Но ни на кафедре, ни в другом месте дел на этот день Беляев специально не назначал, поскольку собирался сегодня посвятить всего себя тому, что даже не сразу поддается трезвой оценке, хотя оценку той, ради которой он законспирировался перед Лизой, Беляев вчера на экзамене поставил, но с неким условием...

Снег валил как сумасшедший и дул пронзительный ветер, закручивающий этот снег в метельные вихри. В такую погоду не очень-то приятно гулять по улицам, хотя и выбеленным снегом, но все-таки мрачноватым от густой облачности, когда кажется в любое время светового дня, что либо наступает рассвет, либо приближаются сумерки.

Но часто бывает в жизни так, что мрачность внешняя не омрачает настроения и даже кажется, что природа специально создает особые погодные условия, отличая обычные дни от этого необычного с ярко выраженными стихийными возмущениями, к которым с полным основанием можно было отнести нынешнюю метель. Запечатленный образ той, к которой он спешил, преследовал его весь семестр, когда он читал лекции на ее потоке.
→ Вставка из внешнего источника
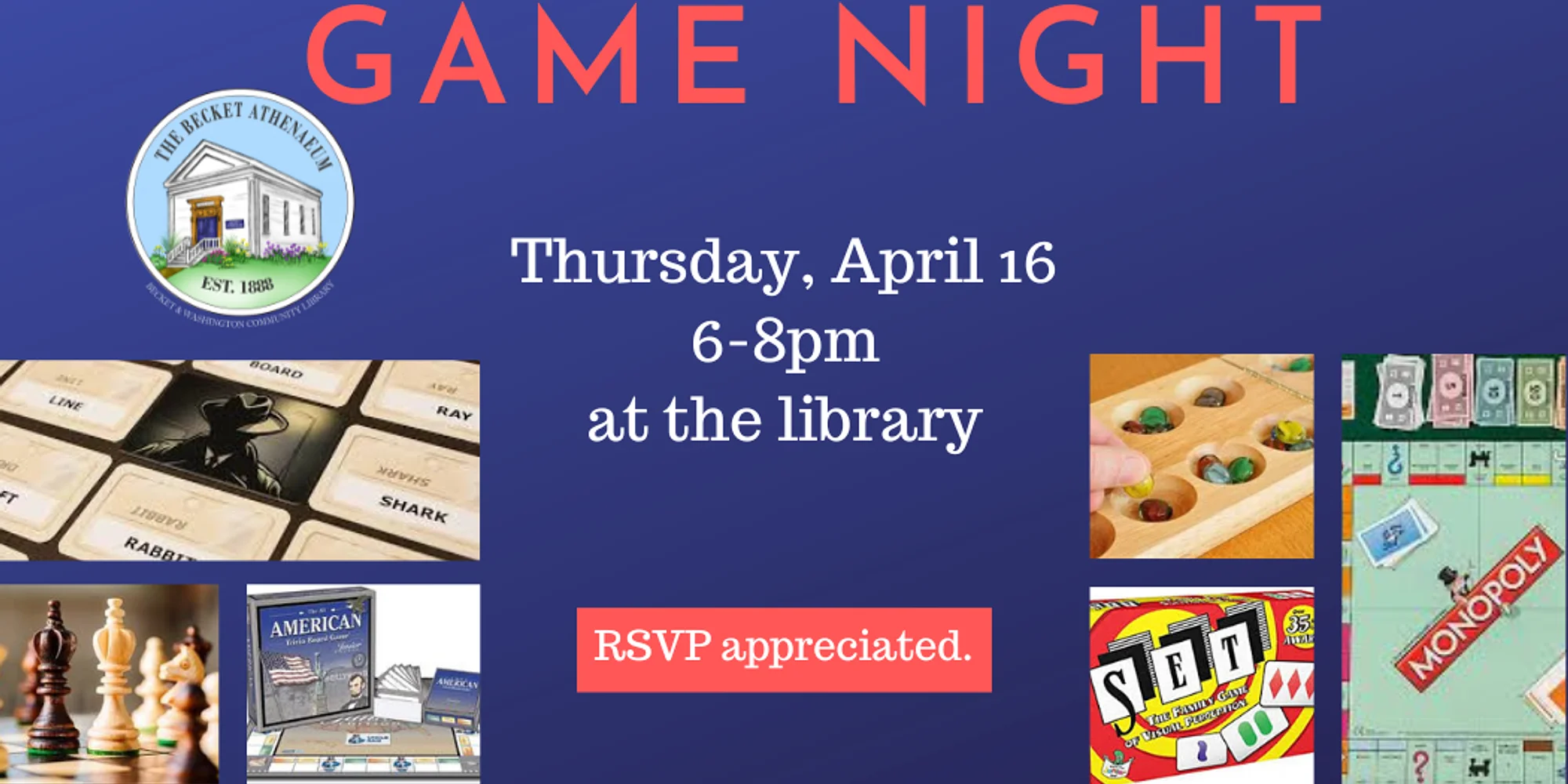 Join friends and neighbors for a fun evening of board and card games! If you have a favorite, please bring it along to share/teach to fellow gamers! Games the Athenaeum owns include Monopoly, Code Names, The All American History Trivia Game, Sorry, Chess, Quiddler (word game), SET, and many more! Refreshments will be served! You're welcome to bring your beverage of choice (including alcohol). Ages 13+ are welcome. Clicking the button below will open an email addressed to info@bwlibrary.org. If that doesn’t work, please just send an email to RSVP. RSVP appreciated.

К чувству легкости сладостно примешивалось ожидание, даже предвосхищение близости, ставшее навязчивой идеей, столь сильной, что она вытесняла из сознания все другие помыслы, и Беляев поражался, насколько силен в человеке сексуальный запал, какая могучая энергия сообщена человеку, энергия, способная преодолевать любые условности морального толка, любые преграды с потерей собственной головы, не в буквальном смысле, а в фигуральном, когда с усмешкой о таком, как Беляев, говорят, что он от любви потерял голову. Дай Бог каждому почаще терять таким образом голову, думал Беляев, не замечая, что красно-черно-белый, в клетку, мохеровый шарф выбился из-под мехового воротника пальто, почти не защищая шею от ветра со снегом.

На крыше троллейбуса лежал толстый слой снега, по которому пробегала поземка, упругие мачты, обледенелые, как два рога инфернального зверя, высекали искры на развилках контактных проводов, троллейбус гудел: "у-у-у", и этому гудению вторили снежные вихри: "шис-ши-ис-шис". Беляев протиснулся в салон с заиндевевшими окнами и черными скважинками на них, проделанными человеческими дыханиями, теплыми, живыми, чтобы не просто ехать, а ехать и смотреть, потому что движение в закрытом пространстве, подобно первому приближению к смерти, или, смягчая это выражение, знакомству с неизвестной в темной комнате, когда буквально зрительный нерв в бездействии бунтует.

Ощущение той прежде всего было зрительным. Беляев как бы гладил взглядом ее несколько по-северному холодноватое лицо с белейшей кожей, гладил ее маленькое ухо с затянувшейся, едва заметной дырочкой для серьги, она почему-то была без сережек, вообще она была без украшений, и Беляев едва помнил – пользовалась ли она косметикой, этими разными тушами, тенями, румянами, помадами.

Классическое северное лицо, сдержанная улыбка и идеальный прямой нос все это он видел в разном освещении, но именно в освещении, и без смущения оглядывал ее, до поры до времени избегая смотреть в глаза. Может быть, именно глаза, в которые он потом заглянул и научили в них смотреть, не пугаясь собственного смущения, вызвали в нем взрыв энергии. Глаза – это все! Они выдают любую тайну и особенно такую редкую и в то же время такую распространенную, присущую каждому человеку, будь то женщина или мужчина, тайну любви.

И он смотрел в ее глаза и поглощал из них намеки симпатии к нему, отказ виден сразу в равнодушии взгляда, в пассивности зрительного нерва, а здесь глаза нервничали, но, разумеется, столь незаметно, что она не теряла, хотя и была молода, очень молода, самообладания. И в этом был основной смысл взгляда, знак его и суть. Примагнитился как бы взгляд, отталкивая все прочие чувства назад, в очередь, если, конечно, можно выстроить все человеческие чувства в очередь.